I present as a fiery, headstrong person who is unable to be tamed and doesn’t care what other people think of her. But the truth is, my moon is in Pisces; I present as a Sagittarius but in truth, I am a dreamy, compassionate, silly, soft-hearted, gentle person. I have had many people make assumptions about who I am as a person based on what I “seem like”. Regardless of whether or not you believe in astrology, I find that this is a concise way to explain the problem that I run into a lot when interacting with new people.

I am a fire sign with a water sign at heart.

I have had people treat me aggressively in situations that could have easily been resolved by a conversation because I “seem like the kind of person who wouldn’t understand unless they were yelled at.” I’m not sure exactly what I do to give off that impression, but I get the feeling that it has to do with the fact that I try to walk around the world with enthusiasm and confidence. I have explained my personality as a brick wall before, when you first meet me, you will meet who I am as a person. I don’t put on a front when meeting new people, I try to be as authentic as I can at all times and that makes some people uncomfortable.

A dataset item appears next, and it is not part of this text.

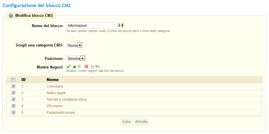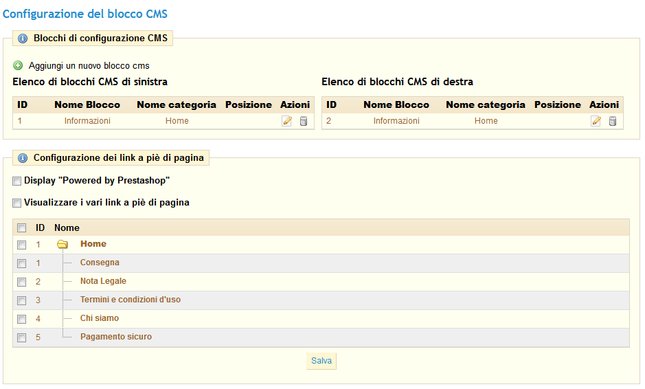 eugenata Posted January 22, 2012 Share Posted January 22, 2012 Non riesco a visualizzare il blocco CMS: Le pagine sono quelle di default, nella scheda Strumenti > CMS Il modulo cms è configurato come da figure allegate Il risultaro lo vedetre in allegato PERCHE'? (PrestaShop™ 1.4.6.2) Link to comment Share on other sites More sharing options...

I have had people ask me why I choose to be such an open book. I am the sort of person that if you ask me a question, whether that’s about my past, mental health, or anything of the sort, I will answer honestly. I’ve never understood, but that can be off-putting to some people; the blatant honesty. The answer to why I choose to be such an open book is that I don’t gain anything by lying or hiding and if I live honestly the possibility that I could help someone feel not so alone far exceeds the potential that someone might not like me because of it.

Another reason I choose to be so open is because it really bothers me as a person that certain things are still taboo to talk about and I want to do my part to normalize the discussion. The fact that periods, sex, and mental health are still such taboo topics to discuss in public makes me indescribably frustrated. I feel like there are lots of people who are also upset that these topics are “inappropriate” to talk about but they don’t do anything to change it. I would never judge someone for not being comfortable going against social norms but it’s just part of the reason that I choose to be so open as a person.

Perhaps I will do an entire article on the reasons why these subjects shouldn’t be so taboo; but for now, I digress.

I have also had people ask me why I choose to be the person who makes waves. Why am I subjecting myself to potential misunderstanding of who I am? Why am I putting myself in a position to potentially be told that what I’m talking about is “inappropriate”? And the answer is just that I refuse to be subject to the bystander effect. If I believe in something, I can’t expect anyone else to do anything about it if I won’t. If everyone just thought that someone else was going to do something instead of doing it themselves, then nothing would get done.

I believe in standing up for what I believe in and I think the world would be a much better place if everyone lived with the honesty and integrity to be who they really are. I have hopes that we as a society are moving toward that reality but I understand that it will probably take a while. And until then, I’m alright being one of the odd few who lives with blatant honesty, because I might inspire others to do the same, and that’s enough for me.